L'an dernier, en ordonnant les premières frappes de missiles iraniennes contre Israël, Khamenei a rompu avec sa politique de retenue. Jusqu'alors, les affrontements restaient limités à des escarmouches ponctuelles. Mais les récents bombardements israéliens depuis vendredi scellent la fin définitive de cette stratégie d'attentisme. Sur la plateforme X, Khamenei a affirmé qu'Israël avait commis une grave erreur et serait bientôt détruit.
Le gouvernement de Khamenei propose désormais aux Etats-Unis de renouer des négociations sur le programme nucléaire iranien afin de mettre fin au conflit. Trump estime que, sous la pression militaire israélienne, l'Iran pourrait se montrer plus enclin au compromis lors de ces nouvelles discussions que lors des cinq rounds de négociations menés depuis avril.
Khamenei cherche à éviter une perte de prestige, tant sur le plan intérieur qu'international: il doit frapper Israël avec la pleine puissance des arsenaux de missiles iraniens, faute de quoi l'Iran risquerait d'apparaître comme un tigre en papier.

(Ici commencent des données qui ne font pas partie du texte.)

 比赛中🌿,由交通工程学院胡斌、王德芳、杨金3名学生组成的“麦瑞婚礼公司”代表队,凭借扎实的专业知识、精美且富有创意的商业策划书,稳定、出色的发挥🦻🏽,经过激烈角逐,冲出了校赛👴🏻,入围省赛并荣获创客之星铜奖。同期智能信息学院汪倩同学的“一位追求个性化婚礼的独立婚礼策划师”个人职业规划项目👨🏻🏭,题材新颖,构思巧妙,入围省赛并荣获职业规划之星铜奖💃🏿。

En revanche, Khamenei ne souhaite pas que la riposte soit suffisamment forte pour entraîner une intervention américaine dans le conflit. Cela menacerait la survie de la République islamique, qu'il considère comme son œuvre de vie.
Nommé en 1989 à la tête de la Révolution iranienne, succédant au fondateur de la République, l'ayatollah Rouhollah Khomeini, Khamenei s'est opposé à l'ayatollah Akbar Hachemi Rafsandjani, alors président et chef du Parlement, qui prônait un pragmatisme en politique étrangère et une ouverture économique. Khamenei reste aujourd'hui à la tête des conservateurs, des Gardiens de la Révolution et des partisans de la ligne dure, profondément méfiants envers l'Occident.
Depuis la mort de Rafsandjani en 2017, Khamenei exerce un pouvoir incontesté. Dans le système politique iranien, les électeurs peuvent certes choisir le Parlement et le président, mais le Guide suprême, élu par un conclave de religieux, détient toujours le dernier mot.
La Garde révolutionnaire, force protectrice du régime, lui est directement subordonnée. C'est cette Garde qui a réprimé la vague de protestations à l'automne 2022, lorsque des millions d'Iraniennes et d'Iraniens réclamaient la chute du régime et la fin des lois islamiques, notamment l'obligation du port du voile.
Depuis quelque temps, Khamenei cherche à organiser sa succession. Son âge avancé et son état de santé rendent cette question urgente. Blessé lors d'un attentat en 1981, il a depuis de grandes difficultés à utiliser son bras droit. Il a été opéré d'un cancer de la prostate il y a onze ans, et, en 2022, il a disparu plusieurs semaines de la scène publique, alimentant les spéculations sur une possible nouvelle maladie.
Le favori était Ebrahim Raïssi, président élu en 2021 et proche de Khamenei, mais il est décédé, l'an dernier, dans un accident d'hélicoptère. Depuis, Mojtaba Khamenei, le deuxième fils aîné du «Guide suprême», est envisagé comme futur successeur. Bien que la République islamique exclue officiellement toute succession dynastique, la Révolution islamique de 1979 ayant précisément renversé la dynastie du Chah, cette perspective reste néanmoins évoquée.
Cependant, le chef du régime peut clairement désigner son successeur, et Mojtaba est visiblement présenté comme l'homme de l'avenir. Depuis quelques années, le plus jeune Khamenei porte le titre d'ayatollah, bien que sa carrière religieuse ne semble pas pleinement justifier ce grade. Or, la fonction d'ayatollah est une condition indispensable pour accéder au poste de «Guide suprême».
Agé de 55 ans, Mojtaba est également un conservateur convaincu, un fidèle soutien de la République islamique, et il entretient des liens étroits avec les services de sécurité. Autant de raisons pour Khamenei de l'emmener avec lui dans le bunker.